How to load custom behaviour into docker

Good evening,

I have hacked together a behaviour to crawl
When i test it by copying the dist/behaviors.js file into a chrome snippet, the behaviour runs “fine”.

How do i get it to run in the browsertrix-crawler docker ?

I have created a custom-behaviours directory and copied the dist/behaviors.js file there, but when i run the docker it errors out with:

"Waiting for custom page load failed","details":{"type":"exception","message":"Cannot read properties of undefined (reading 'siteSpecific')","stack":"TypeError: Cannot read properties of undefined (reading 'siteSpecific')\n at ( at CdpFrame.<anonymous> (file:///app/node_modules/puppeteer-core/lib/esm/puppeteer/util/decorators.js:94:27), <anonymous>:0:20)\n at #evaluate (file:///app/node_modules/puppeteer-core/lib/esm/puppeteer/cdp/ExecutionContext.js:341:23)\n at async ExecutionContext.evaluate (file:///app/node_modules/puppeteer-core/lib/esm/puppeteer/cdp/ExecutionContext.js:268:16)\n at async IsolatedWorld.evaluate (file:///app/node_modules/puppeteer-core/lib/esm/puppeteer/cdp/IsolatedWorld.js:96:16)\n at async CdpFrame.evaluate (file:///app/node_modules/puppeteer-core/lib/esm/puppeteer/api/Frame.js:339:20)\n at async Crawler.awaitPageLoad (file:///app/dist/crawler.js:1295:13)\n at async Crawler.loadPage (file:///app/dist/crawler.js:1266:9)\n at async Crawler.default [as driver] (file:///app/dist/defaultDriver.js:2:5)\n at async Crawler.crawlPage (file:///app/dist/crawler.js:537:9)\n at async PageWorker.crawlPage (file:///app/dist/util/worker.js:153:21)"}}

Ahh ok,

so i did some further looking around at the browsertrix-crawler repository.
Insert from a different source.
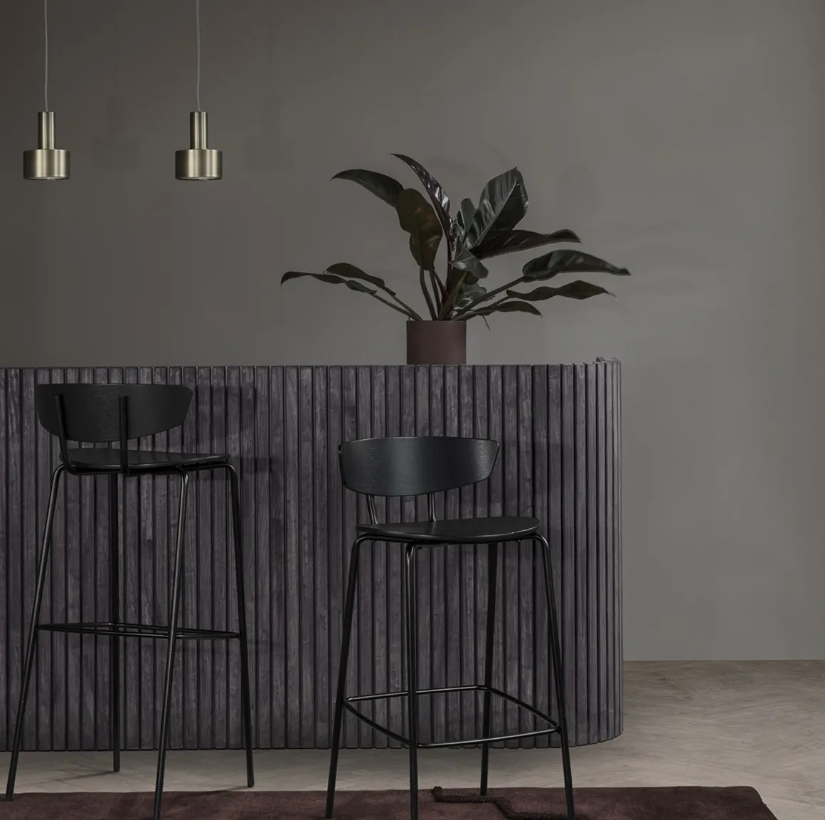La famille Herman est toujours en croissance, et la chaise Herman est maintenant disponible en tabouret de bar. Les surfaces noir foncé sont faites de placage de chêne et soutenues par la conception légère de métal enduit de poudre. La chaise Herman vous accueillera avec son dossier large en s’assurant que vous resterez à l’aise pendant des heures et des heures. Les chaises sont facilement empilables, et comme un détail joliment ajouté les angles des dossiers en bois sont conçus de sorte que les chaises puissent être accrochées sur la table. De cette façon, vous pouvez facilement nettoyer sous la table et les chaises ne prennent pas de place lorsque vous n’en avez pas besoin. Le danois Herman Studio a conçu la chaise Herman, et il est produit par ferm LIVING.

What i was doing is taking the compiled behaviour.js from browsertrix-behaviours and putting that into the custom-behaviors directory.

seeing the tests in the browsertrix-crawler repository i can see now that i am supposed to put the native js of my custom behaviour in the custom-behaviors directory directly, not the compiled behaviours.js code.

of course I need to rework my behaviour, I had done it in typescript instead of js.

Nope I think i need help understanding how to load a custom behaviour “properly”…

I have managed to get the behaviour to run in the docker by:

compiling the browsertrix-behaviours with my custom behaviour code included.

running docker, passing the compiled behaviour.js to the location


Running the docker crawl with

docker run -i -p 9037:9037 -p 9038:9038 -v $PWD/crawls:/crawls/ -v $PWD/dist/behaviors.js:/app/node_modules/browsertrix-behaviors/dist/behaviors.js -v $PWD/crawl.basic-rules.custom.yaml:/app/crawl.basic-rules.custom.yaml -it webrecorder/browsertrix-crawler crawl --config /app/crawl.basic-rules.custom.yaml

I somehow suspect this is the the “right” way, so I would appreciate any pointers

Hi @FrontLineFodder, take a look at this part of the crawler docs: Browser Behaviors - Browsertrix Crawler Docs.

Once you have the custom behaviors directory mounted as a volume, you can add your custom behaviors with --customBehaviors /path/to/volume.

Let us know how that works out!

Note that it expects a directory, not a link to a single behavior file.